Interviews were semi-structured, with prepared and emergent questions that allowed the interviewer to lead each interview based on participant responses. When participants described experiences or offered insights and opinions, the interviewer reframed the response as a recommendation for the freshwater science sector and asked for feedback. The participant would then agree or disagree with the interviewer’s interpretation and could add further clarification. Interviews were conducted online, and audio was recorded using Microsoft Teams. The audio files were uploaded to Otter.ai (Otter.ai Inc., Mountain View, CA, USA) for transcription [41]. Transcripts were edited in Otter.ai, and, when necessary, recordings were used to confirm the accuracy of the transcripts. The transcripts were reviewed to identify where participants offered insights and opinions that could be framed as recommendations for the freshwater science sector.
For each interview, recommendations, along with quotes from the transcript that supported them, were documented in an interview summary document. The summary document and the full interview transcript were sent to the participant for their review prior to analysis. While participant validation is not necessary in RTA, it is commonly used in thematic analysis to avoid misinterpretations [35]. We asked participants to review specific recommendations captured from their interviews, not the final recommendations we developed from interpreting the collection of recommendations from all of the interviews. Thus, our final recommendations were a product of our interpretive work, which is an appropriate outcome from RTA [35].

2.3. Analysis

We completed a thematic analysis of the participants’ recommendations discussed during interviews. “[Thematic analysis] can be likened to a distillation process by which the researcher identifies or comes face to face with the explicit and implicit meanings they have discerned in the data, and then synthesizes these findings” [42]. Recommendations included statements and discussion points around what the participants thought the freshwater science sector should do and/or should not do to improve data management and sharing practices.

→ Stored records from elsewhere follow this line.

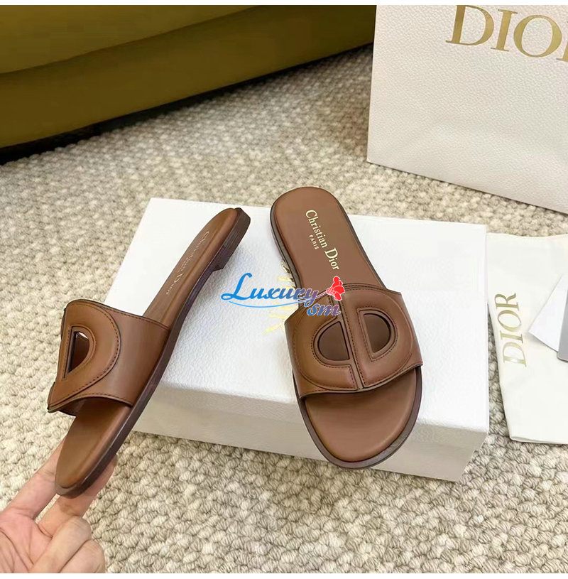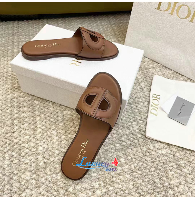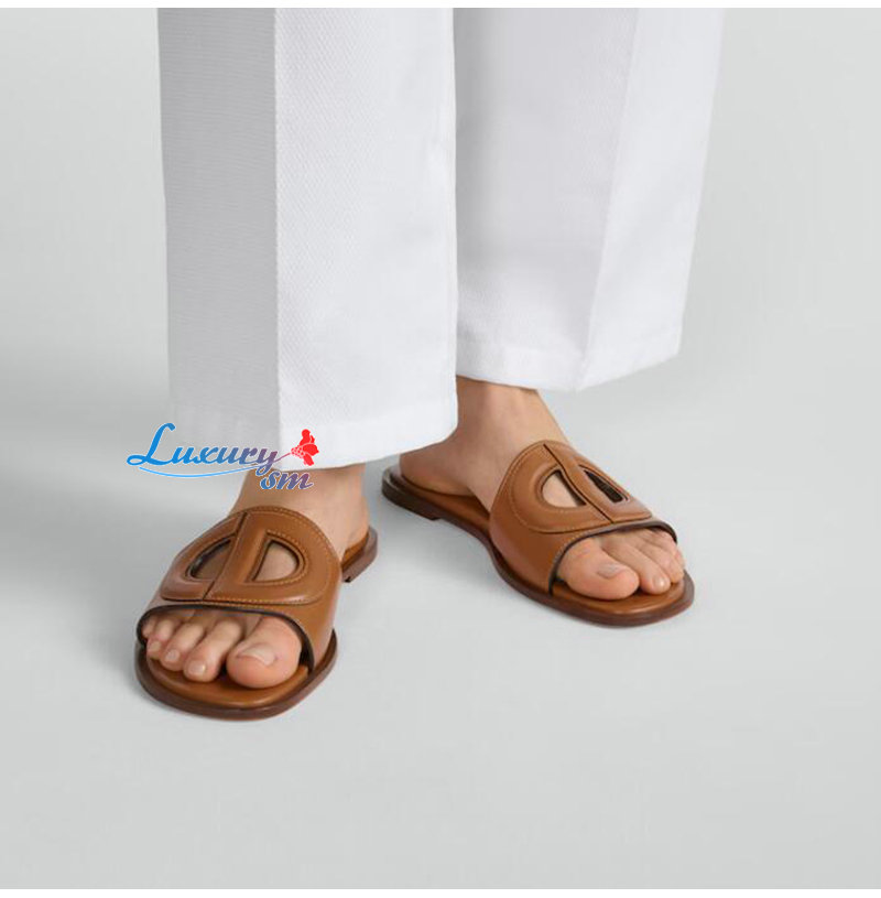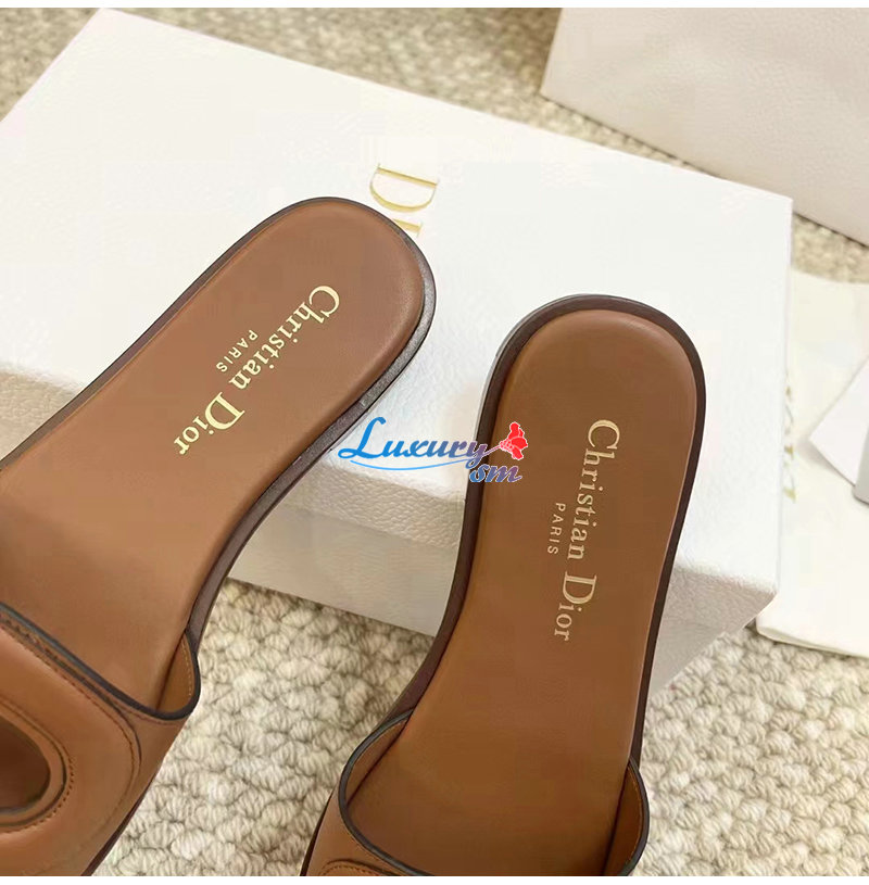 DIOR-KCO049 디올 카멜 송아지 가죽 D-Club 뮬 여성용
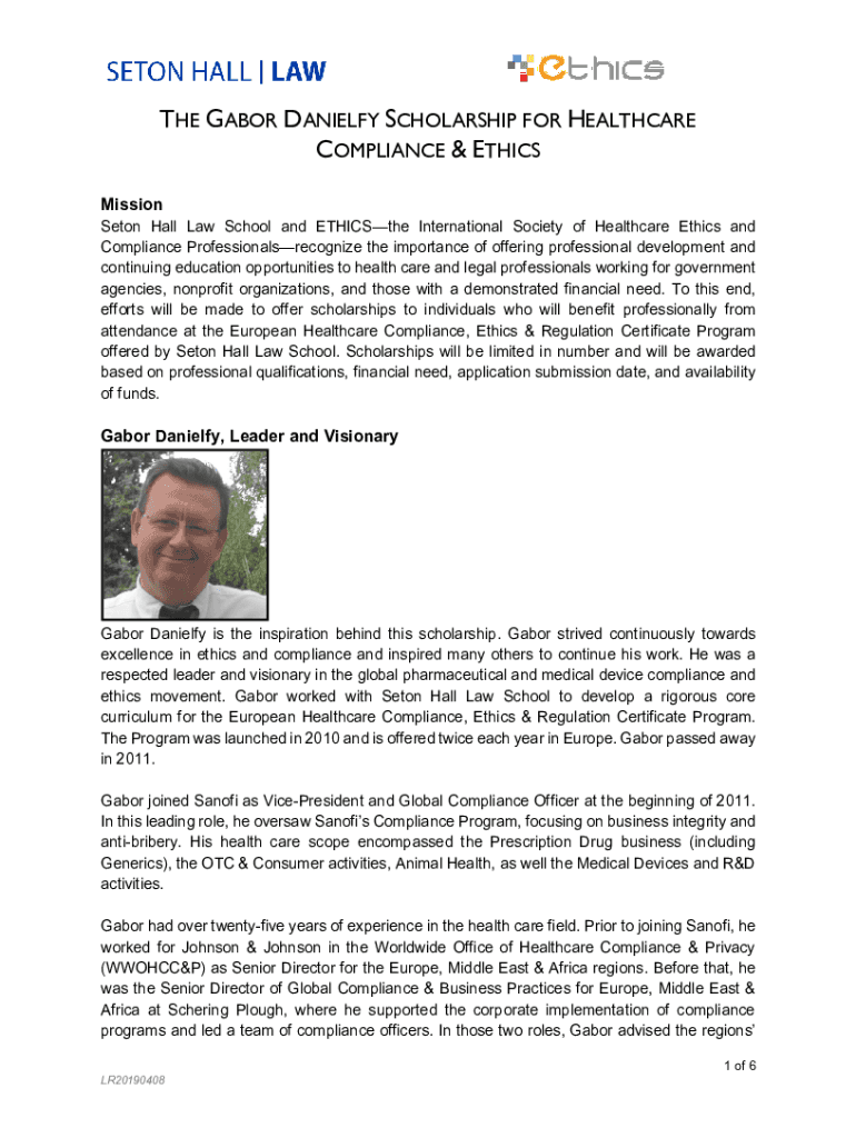 THE GABOR DANIELFY SCHOLARSHIP FOR HEALTHCARE COMPLIANCE & ETHICS Mission Seton Hall Law School and ETHICSthe International Society of Healthcare Ethics and Compliance Professionalsrecognize the importance
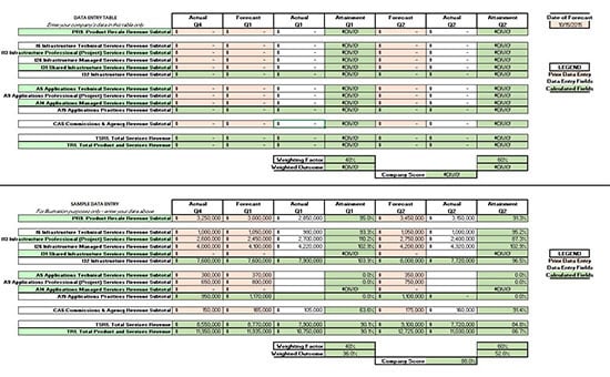 This tool will enable you to practice forecasting revenue over a two-quarter period by line of business and then gauge the accuracy of your revenue forecasting to see how accurate your forecasts were by tracking your projections against actual results. Once you have done this, you can formalize the process using your own tools to carry on consistent, accurate forecasting.
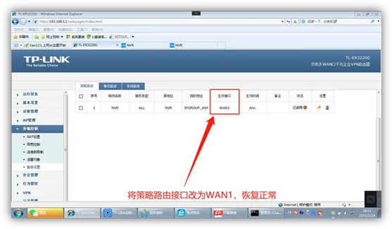 至此,策略路由设置完成,内网电脑访问专网或访问Internet都将按照规则来实现,对于NVR来说,如果要走专网服务器则走专网宽带,如果需要走互联网远程监控,则走公网宽带接口,实现多宽带条件下的正常。
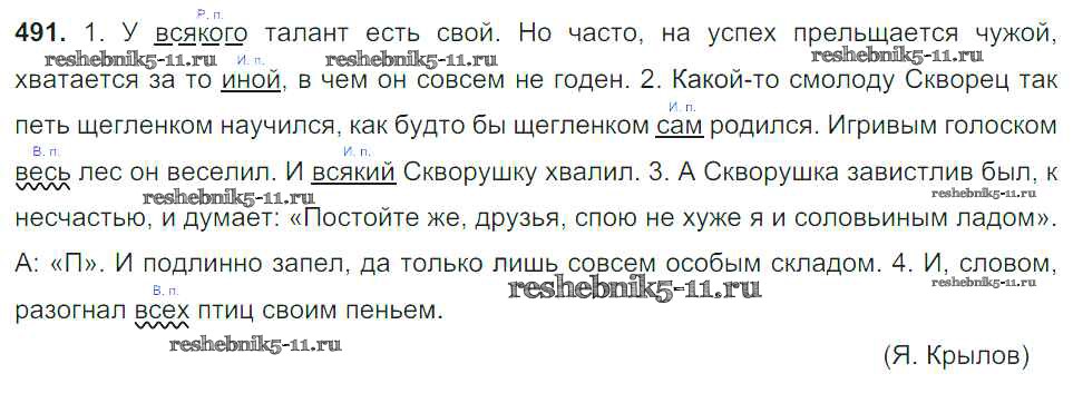 Русский язык за 6 класс Баранов Учебник Просвещение упражнение 491
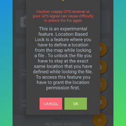 4. قفل / فتح الملفات (بناءً على الموقع): يشبه هذا تقريبًا قفل الملف العادي ، لكن أثناء قفل الملف ، سيُطلب منك اختيار موقع عبر خريطة google التي تحمل ثباتًا. بعد اختيار الموقع ، سيُطلب منك تحديد ملف. بعد ذلك سيتم قفل الملف أو تشفيره مع بيانات موقعك.
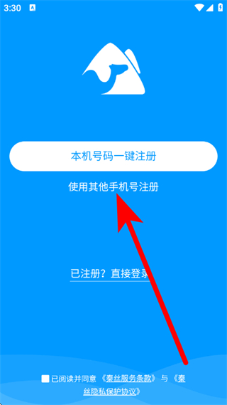 2、在注册界面,点击使用其他手机号注册,进入手机号注册页面。
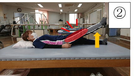 【下肢の伸展挙上運動】※寝て行える運動です。
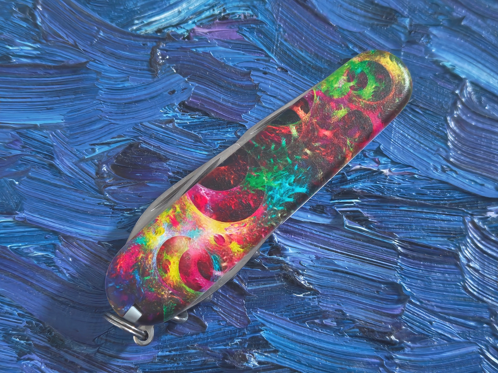 A nice Victorinox Spartan, custom made for Edelweiss.ch. It features a nice abstract design on the front scale. The back is just plain white cellidor.
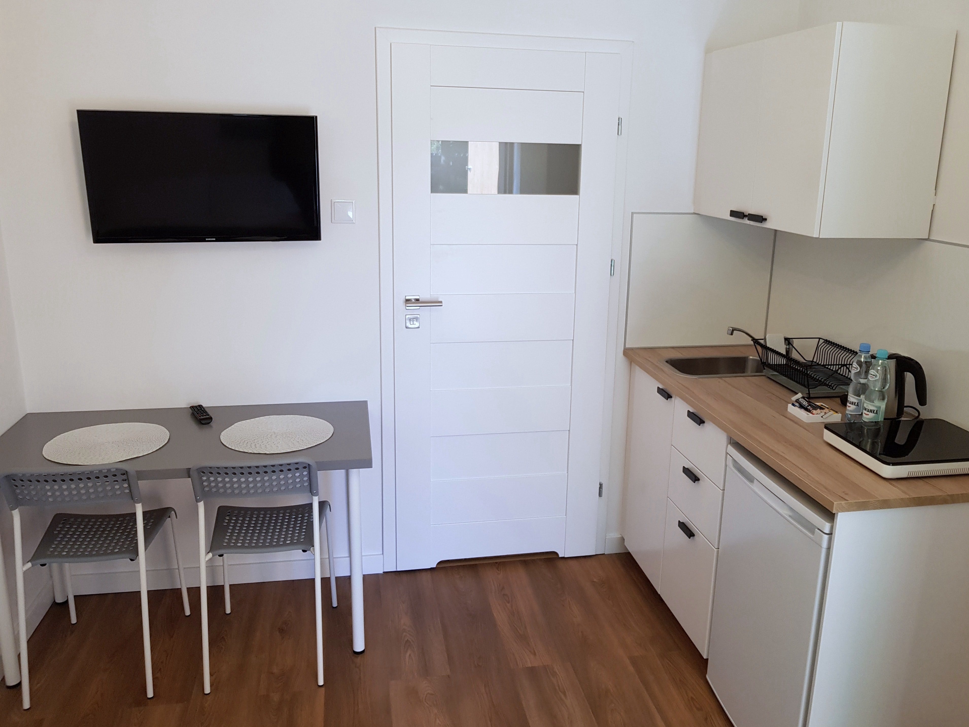 Pokój dwuosobowy z dwoma łóżkami pojedynczymi, dobrze wyposażonym aneksem kuchennym, telewizorem oraz łazienką z prysznicem. Do pokoju przynależy jedno miejsce parkingowe dla samochodu osobowego.
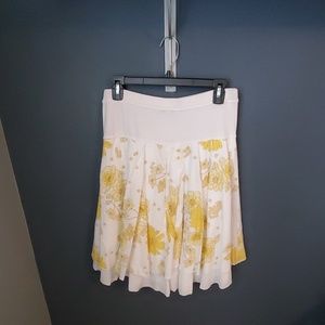 Cute white with yellow flowers knee length skirt. In good condition, fully lined. The lining u underneath there is a slight hole (see pic 4), but you cannot tell with the overlaying layer. Purchased from Nordstrom's originally. Approximately 24" in length.

We uploaded transcripts to NVivo software (Lumivero, Denver, CO, USA) [43] (Version 14.24.0), which was used to code participant responses. We coded all recommendations, opinions, and insights that were directly relevant to how the freshwater science sector can improve data management and sharing. As described by Finlay [42], thematic analysis involves creating initial codes, searching for themes in the initial codes, and then collapsing or splitting initial themes such that they can be woven together into a narrative that answers the research question. Initial codes reflected specific recommendations offered directly by the participant or interpreted by the interviewer and confirmed by the participant in each interview. As the interviews progressed and the lead author produced themes, specific recommendations were re-coded under more general recommendations to capture overarching themes. Each of these overarching themes contained at least one subtheme that was framed as a specific recommendation for the freshwater science sector. The lead author reviewed the complete list of specific recommendations with co-author NB, who collaborated on developing the final list of broad recommendations. Broad recommendations encompassed several specific recommendations to reduce redundancies, and recommendations that were not supported by at least three participants were removed. The themes and corresponding recommendations are described in our codebook (Supplementary Material 5).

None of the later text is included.